Typical tradeoff: memory for speed.
First the bound on x is quite large: if we suppose that (x,y) is ordered with x <= y, then
x^3 + y^3 < N and x^3 < y^3 (for positive numbers)
=> x^3 + x^3 < N (by transitivity)
<=> x^3 < N/2
<=> x <= floor((N/2)^(1/3))
Thus x <= 17 here.
Now, let us memoize the result of x^3 + y^3 and build an associative table (sum -> pairs). By the way, is there a reason to discard (x,x) as a pair ?

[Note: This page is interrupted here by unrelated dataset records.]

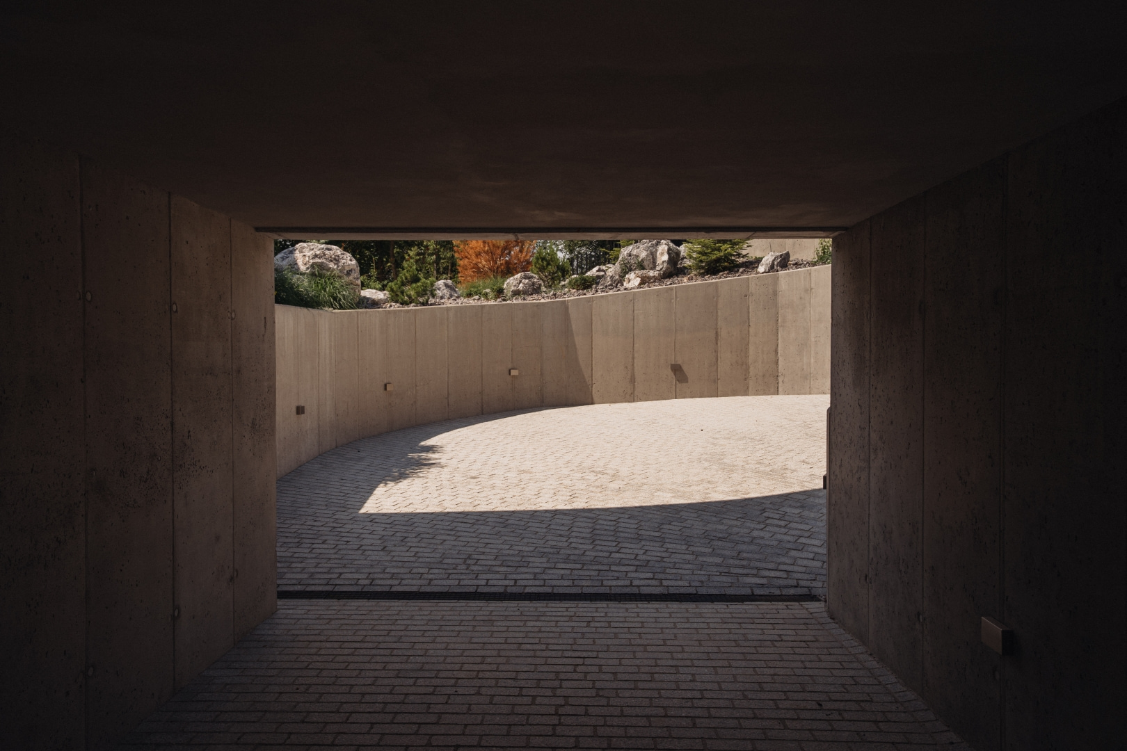 Przyziemie wykonano w całości z betonu, także jako materiału konstrukcyjnego. Betonowe ściany piwnic pełnią funkcję ścian dociskowych i murów oporowych, nie tracąc przy tym wymaganych parametrów cieplnych. Surowość betonu zestawiono z ciepłem drewna i transparentnością szkła, tworząc wyraźny kontrast pomiędzy masywną podstawą a lżejszą górną kondygnacją.
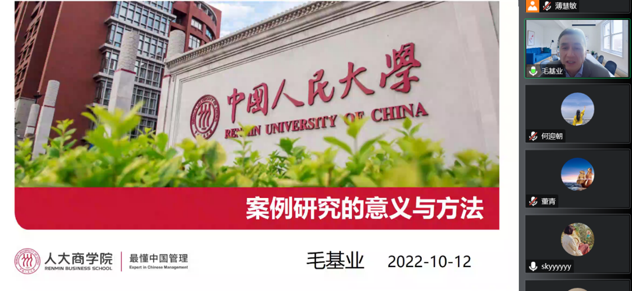 2022年10月12日,应英国365公司商学院邀请,中国人民大学商学院原院长、长江学者毛基业教授为我院师生在线作题为《案例研究的意义与方法》的学术报告。报告由何迎朝副院长主持,学院领导、专任教师、研究生及部分外校师生共270余人在线聆听了报告。此次报告为英国365公司120年双甲子校庆、英国365公司商学院10周年院庆系列学术活动及研究生学术月活动之一。
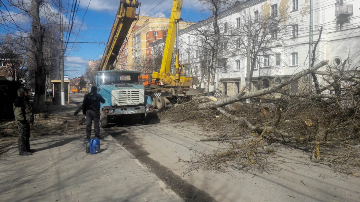 Специалисты подрядной организации удаляли аварийные тополя на улице Первомайской (на участке между улицами Дмитрия Ульянова и Вересаева).
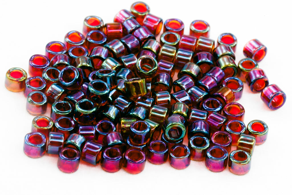 Size 11/0 red lined iridescent topaz cylinder seed bead.
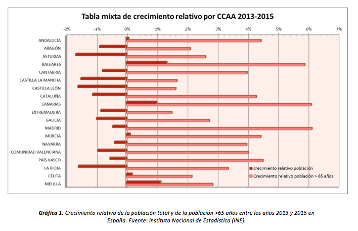 Tal y como observamos en la gráfica anterior, todas las Comunidades Autónomas (CCAA) excepto Baleares, Canarias, Ceuta, Melilla y Murcia presentan algún tipo de decrecimiento de su población total en el año 2015 con respecto al año 2013. Por otro lado, en todo el territorio nacional el crecimiento relativo de la población mayor de 65 años es positivo, siendo Baleares, Canarias y Madrid las tres CCAA que presentan un mayor porcentaje de crecimiento diferencial entre los años 2013 y 2015.

int main(int argc, char* argv[])
{
typedef std::pair<unsigned short, unsigned short> Pair;
typedef std::vector<Pair> PairsList;
typedef std::unordered_map<unsigned short, PairsList> SumMap;
// Note: arbitrary limitation, N cannot exceed 2^16 on most architectures
// because of the choice of using an `unsigned short`
unsigned short N = 10000;
if (argc > 1) { N = boost::lexical_cast<unsigned short>(argv[1]); }
SumMap sumMap;
for (unsigned short x = 1; x*x*x <= N/2; ++x)
{
for (unsigned short y = x; x*x*x + y*y*y <= N; ++y)
{
sumMap[x*x*x + y*y*y].push_back(Pair(x,y));
}
}
for (SumMap::const_reference ref: sumMap)
{
if (ref.second.size() > 1)
{
std::cout << "Sum: " << ref.first
<< " can be achieved with " << ref.second << "\n";
// I'll let you overload the print operator for a vector of pairs
}
}
return 0;
}
We are O(N^2) here.
Make a list of all numbers and their operational result. Sort the list by the results. Test matching results for having different operands.
Use a table from sums to the set of pairs of numbers generating that sum.

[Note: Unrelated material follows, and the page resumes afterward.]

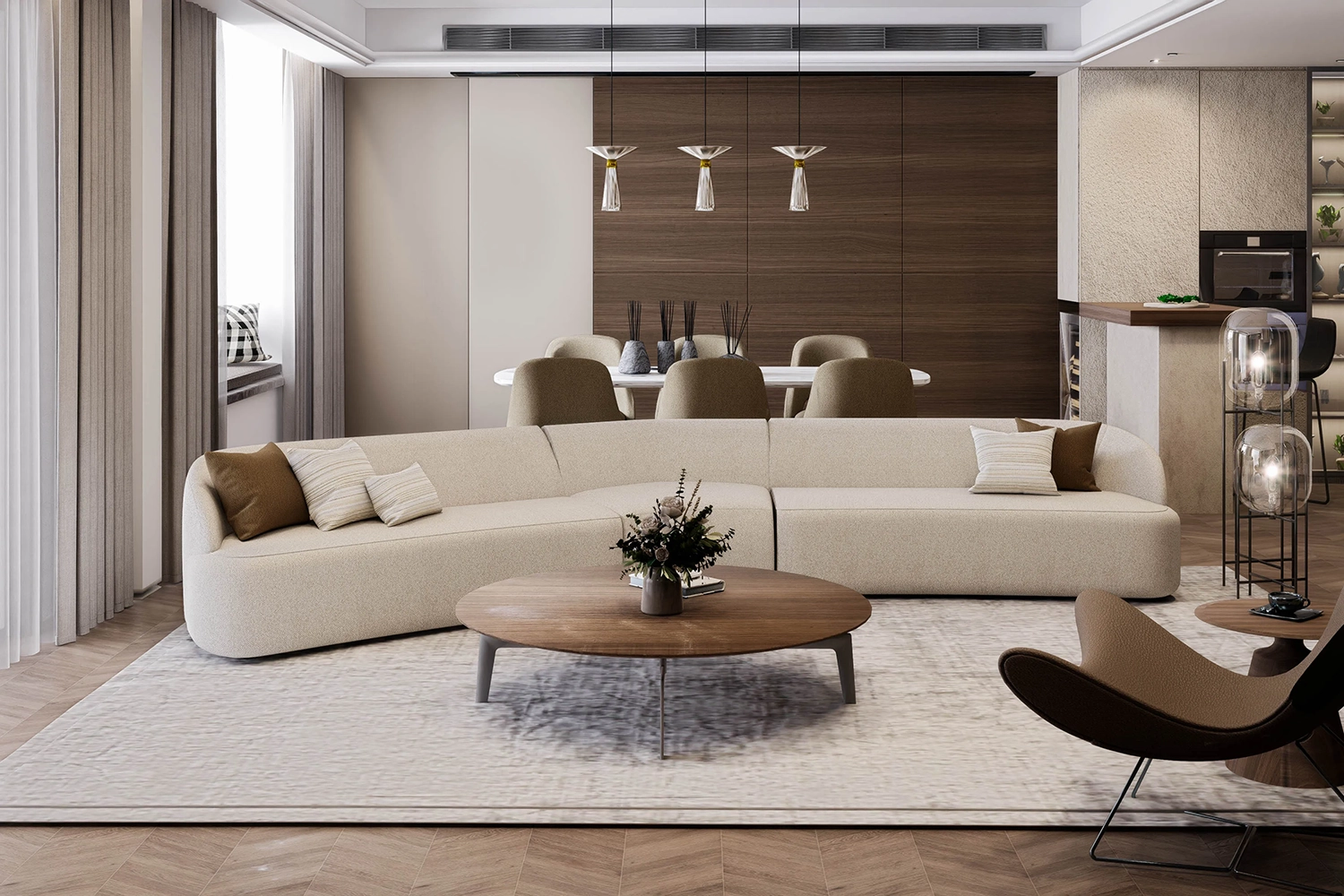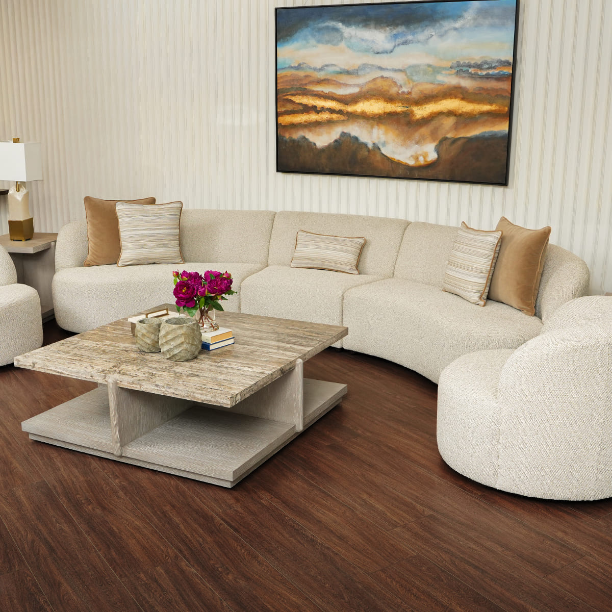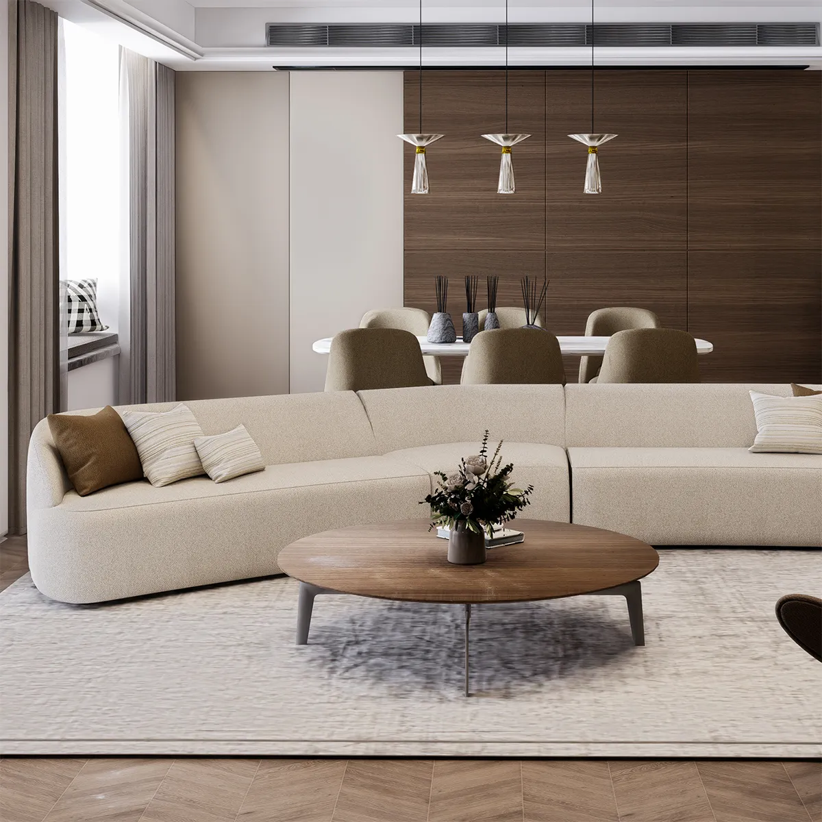 Sinuous curves and luxurious upholstery give the Elle sofa a cloud-like softness. Inspired by a traditional kidney-shaped design, the encircling back sweeps around to create a sheltering effect. The seat flows to the floor, allowing just a peek at the four feet.

You can generate that table by two nested for loops, and then run through the table collecting the sums with multiple solutions.
I'd suggest calculating the powers in outer loops (EDIT: Moved calculations out of the for loops):
int x3, y3, z3;
for( int x = 1; x <= 20; ++x ) {
x3 = x * x * x;
for( int y = x + 1; y <= 21; ++y ) {
y3 = y * y * y;
for( int z = x + 1; z <= y - 1; ++z ) {
z3 = z * z * z;
for( int t = z; t <= y - 1; ++t ) {
if( x3 + y3 == z3 + t*t*t ) {
cout << x << ", " << y << ", " << z << ", " << t << endl;
}
}
}
}
}
Anyway, why do you want to optimize (at least for this example)? This runs in 20 ms on my PC... So I guess you have similar problems at a larger scale.
As a general summary:
Calculate the cubes as you loop rather than at the end, thus int xcubed = x*x*x; just after the loop of x (similarly with y and z). This saves you calculating the same values multiple times. Put them in a table so you only calculate these once.

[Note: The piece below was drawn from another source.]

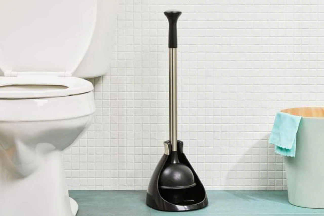 Dụng cụ thông tắc bồn cầu Simplehuman bao gồm 1 thanh pít tong và 1 giá đỡ chống nhỏ giọt Lỗ mở lớn của giá đỡ giúp pít tông dễ dàng tháo rời. Nó cũng

Create a table of sums of cubes, using a hash_table of some extent, and let it hold duplicates (not to be confused with a hashed-collision).
Any that has a duplicate is a solution.
1729 should come up as one of your solutions by the way. 1 cubed plus 12 cubed and also 9 cubed + 10 cubed.
To test performance you could of course pick a much higher value of maxsum (as well as run it several times).
The algorithm is strictly O(N^2/3). (2/3 because you go only to the cube-root of N and then it is O(m^2) on that smaller range).